Quote:
Originally Posted by Tyrone Slothrop
You have this real, principled concern about the way the criminal justice system is rigged to favor the government, "the most amoral and vicious adversary in the world," and at the same time, in the same post, you repeat utter bullshit that the head of the government, the President, is spreading to corrupt the criminal justice system to serve his ends. You say the criminal justice system is predatory and rotten -- does that moral concern just shut off when the President tries to arrange special treatment for this own supporters? I think your instinct is to just take the side of almost any defendant, even Roger Stone, but you don't seem to get that the moronic attacks on this judge are aimed at making the system more predatory and more rotten.
|
Trump and the justice system are peas in a pod. They richly deserve to infuriate and damage one another.
I have a hard time taking Stone's side because he chose this. The usual individual ground up in the gears of the justice system doesn't choose to fuck with it. He's often trying to do something the people and entities with significant property interests and lobbyists who write our codes don't want him to do (drugs, "honest services" fraud [whatever that catch-all is], tax shenanigans, trading on info he should have known was insider stuff, etc.). Rarely is he deciding to voluntarily put himself in the cross hairs of an investigation and then lie to the investigators.

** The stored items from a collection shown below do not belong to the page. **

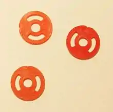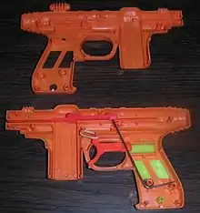 A tracer gun, sometimes known as a disc gun, is a kind of toy gun made of durable plastic. The toy shoots lightweight plastic discs roughly the size of a penny. Kids discovered it would also shoot U.S. pennies over a shorter distance. The discs used as ammunition for these guns are often sold with the label "Jet Discs." The firing mechanism is a spring, The magazine holds 20 "discs." Range is about 30 feet, and even then, accuracy is far from dependable. The trigger requires some force. The firing sound is a loud, low, and distinctive "snap!". Oftentimes the trigger will become loose and will take multiple attempts to shoot.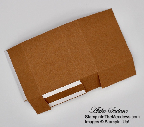 Cut a panel of Bumblebee card stock to 2″ x 6-3/4″. Score the long side at 1/4″, 1-1/4″, 3-1/2″ and 4-1/2″. Score the short side at 1″. Fold on the score lines and trim the little flap off. Cut the bottom lines and adhere Tear & Tape as shown on the picture below. Adhere the side first and then fold the bottom short flaps up before adhering the bottom.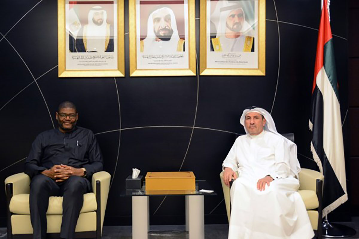 ورحب سعادته بمعالي الوزير ــ خلال اللقاء الذي عقد في مكتب وزارة الخارجية بدبي ــ وتم التحاور حول التعاون بين الإمارات وليبيريا، وبحث الزيارات المرتقبة فيما يخص دعم العلاقات بين البلدين.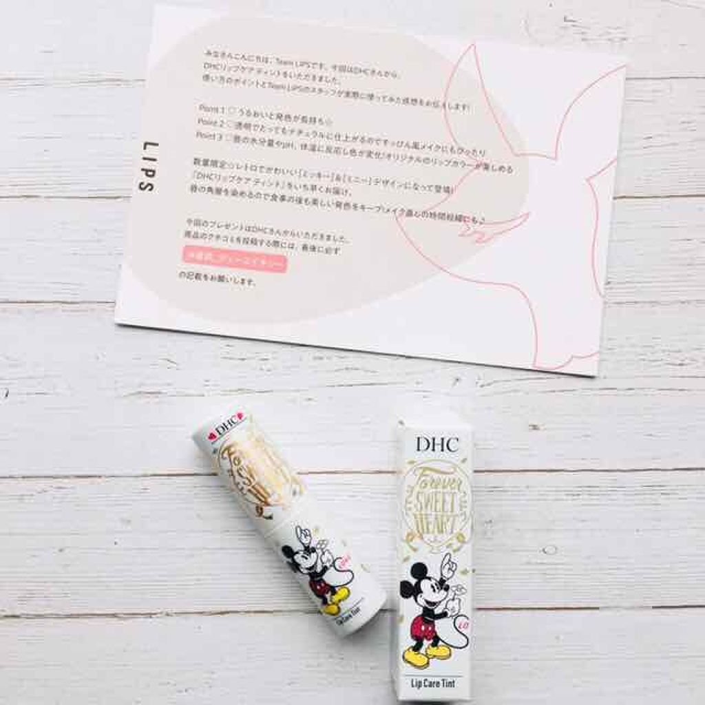 【DHC】【数量限定】DHCリップケアティント❣️税込1242円数量限定で『ディズニーデザイン』が登場したそう!(写真二枚目)ミッキー&ミニー♡2つを合わせて並べると、真ん中のハートの中に「LOVE」の文字が出てくるみたいです✨私が購入したの...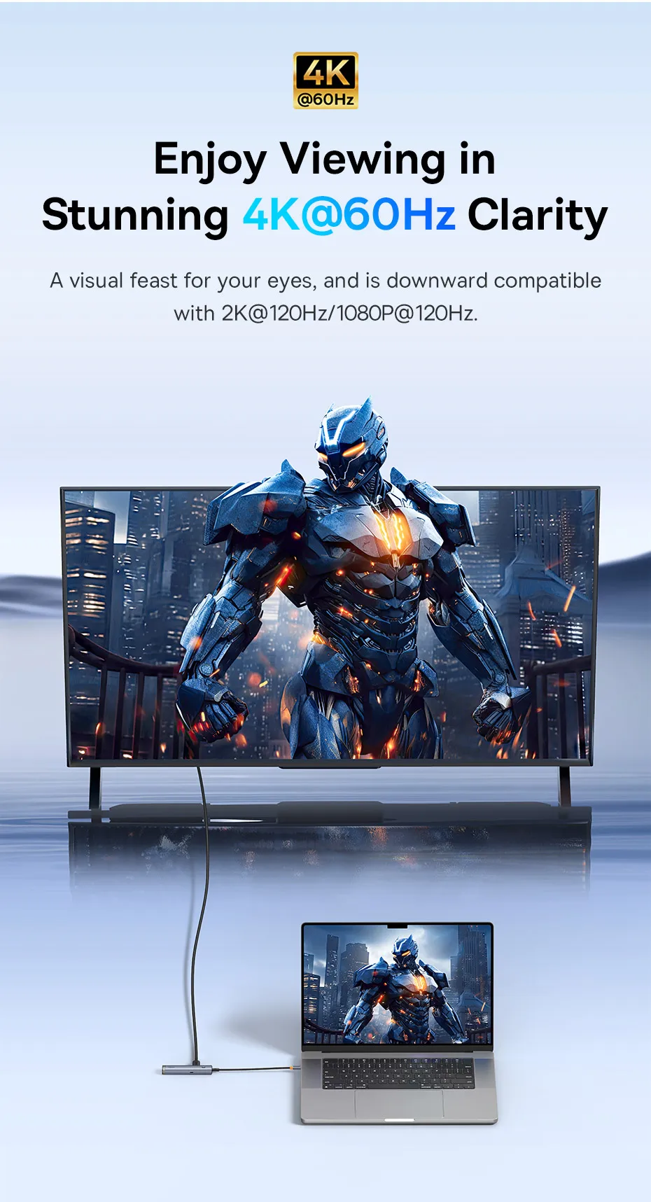 Disfruta de la visualización en una claridad impresionante de 4K a 60Hz.

I offer no brief on behalf of violent or predatory criminals.
I full understand that Trump may have a corrupting effect on the system. And if he uses it to try to jail his opponents, you'll see me attack him (as opposed to critique, which I'm doing in regard to Berman). But we're not there yet, and so far he's actually been good on criminal justice reform.
I see a great bright side to the criticism of our justice and court systems. It's highlighting the insanity of our draconian sentences, and causing the public to examine a system it doesn't typically examine closely. If this results in policymakers saying, "Hey, ya know what? Putting away non-violent offenders for nearly a decade is nuts. We have to stop that cruel and silly shit, and wasting tax dollars on that sort of ludicrous incarceration," that's a great thing.